As Clemens takes a stand against resellers, he stays true to Telfar’s motto: “Not for you — for everyone.” Telfar’s efforts to keep the bag accessible have prompted the industry to envision an idea of luxury that doesn’t involve elitism or exclusion. As the proud owner of an olive-green Telfar medium shopping bag, I can assure you that (if you can snag one) the impeccably designed and extremely sturdy product is well worth the investment!
“Phlemuns” by James Flemons
Many have characterized Phlemuns, founded by James Flemons, as a fashion company for the future. It’s true the genderless label proved that fashion doesn’t have to adhere to the gender binary, but Flemons isn’t designing for the future. He’s building a timeless legacy by pulling from the past: “I treat the clothes as these timeless stamps that will last,” Flemons shares in an interview with SSENSE. “It’s like I’m leaving breadcrumbs of myself that will exist forever.”

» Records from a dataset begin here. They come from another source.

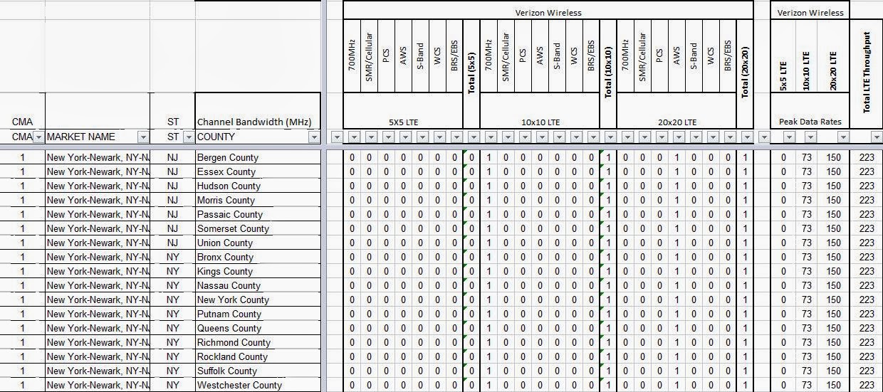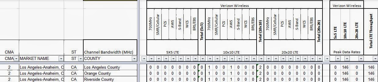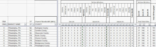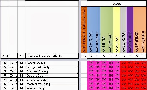 With the news that Verizon is beginning to turn up some of their AWS spectrum with LTE, I will examine the spectrum available for those LTE deployments in the Top 5 CMAs with the Spectrum Ownership Analysis Tool.
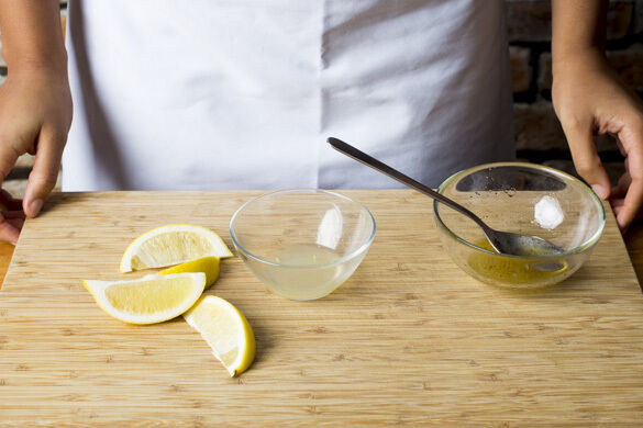 Die Zitrone halbieren und eine Hälfte auspressen, die andere Hälfte in Spalten schneiden. 1EL Olivenöl und 1–2TL Zitronensaft mit je 1 Prise Salz und Pfeffer zu einem Dressing verrühren.
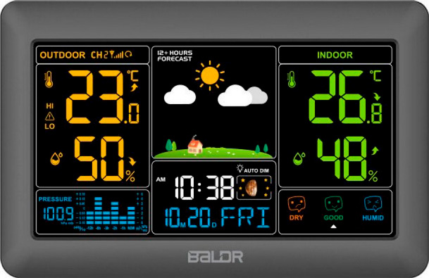 Метеостанция BALDR B0388WST2H2PR V4 Black сочетает в себе точный прогноз погоды с наглядной передачей данных и ориентирована на ежедневный контроль микроклимата и атмосферы за окном. Вместо набора разрозненных показаний вы получаете цельную картину: прибор отображает время и дату, внутреннюю и внешнюю температуру и влажность, индикатор комфорта, а также график атмосферного давления, позволяющий видеть общее направление изменений, а не только текущие значения.
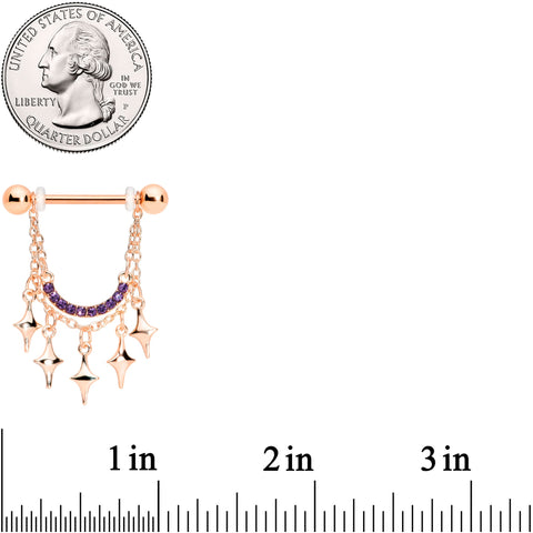 14 Gauge 9/16 Purple Gem Rose Gold Tone Drama Dangle Nipple Ring Set
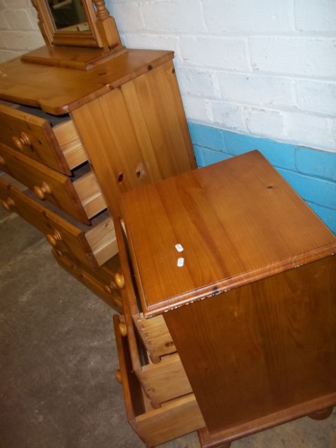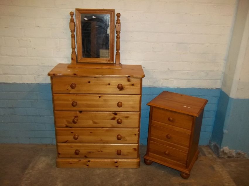 A MODERN SOLID PINE FIVE DRAWER CHEST AND A NARROW THREE DRAWER CHEST WITH A SWIVEL MIRROR
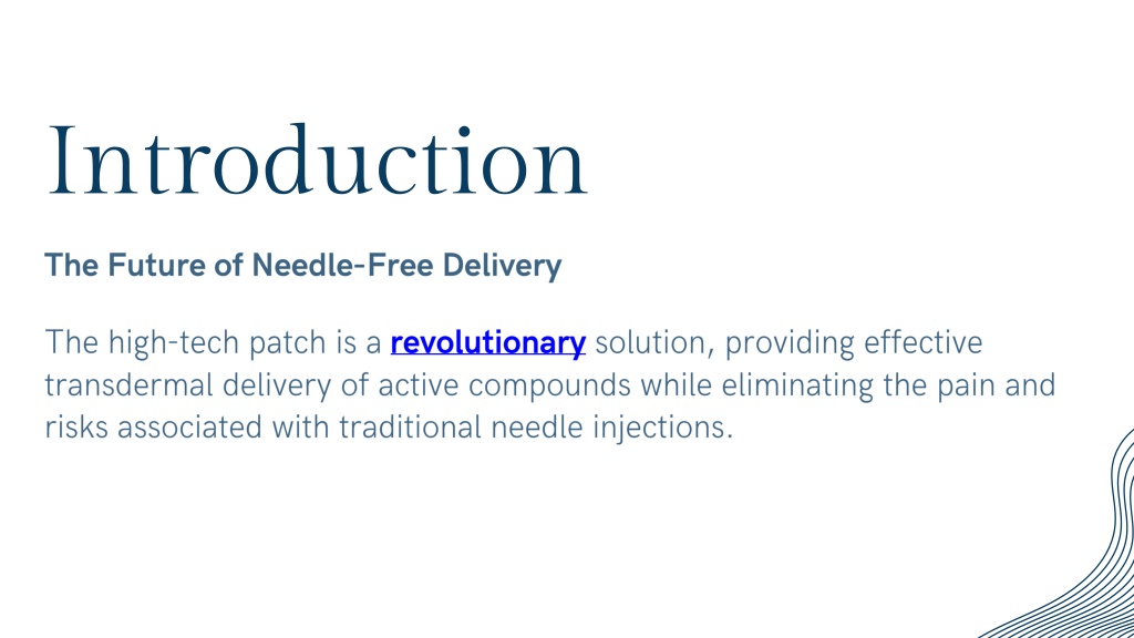 2. Introduction • The Future of Needle-Free Delivery • The high-tech patch is a revolutionary solution, providing effective transdermal delivery of active compounds while eliminating the pain and risks associated with traditional needle injections.
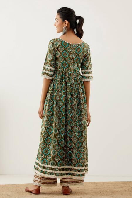 Green cotton anarkali with floral printed motifs, lace work & V neckline. Paired with printed palazzo & contrast dupatta.
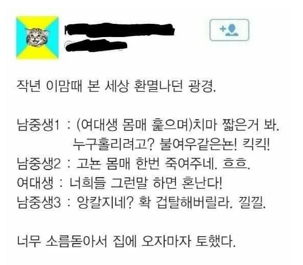 과거 트위터 아줌마가 말하는 남중생의 성희롱 수준
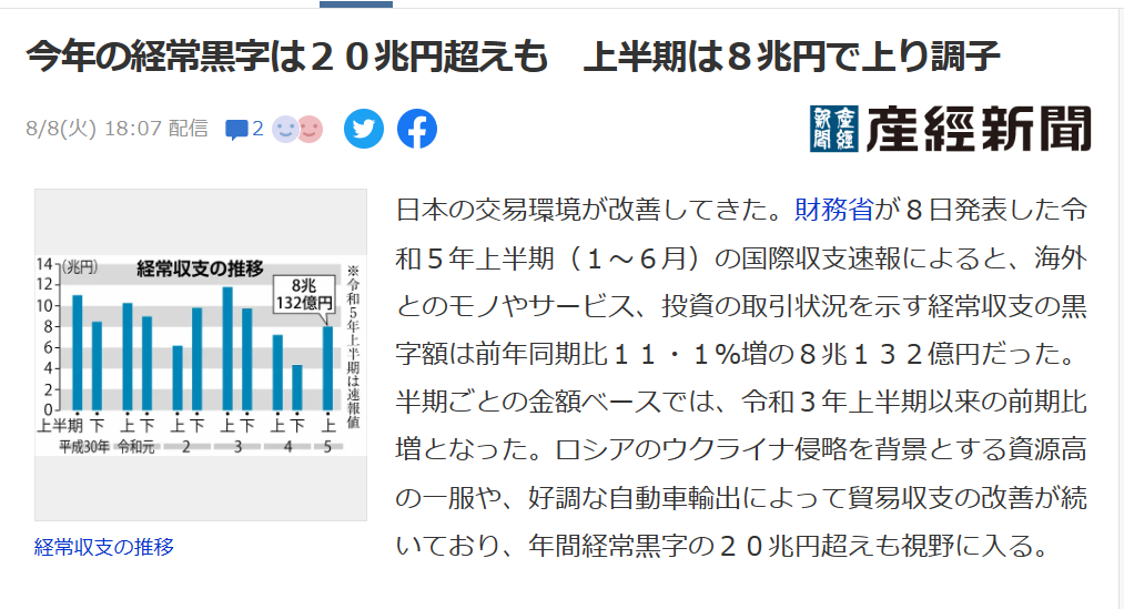 日本の経常黒字

Flemons creates these timeless pieces by analyzing the Black art and fashion of the last century. The designer especially admires gender-fluid elements of African American fashion of the ’70s, and his 2017 denim capsule sourced denim entirely from thrift stores. The company’s appeal isn’t its constant evolution, but Flemons’ ability to recognize which elements of the past will speak to today’s audiences.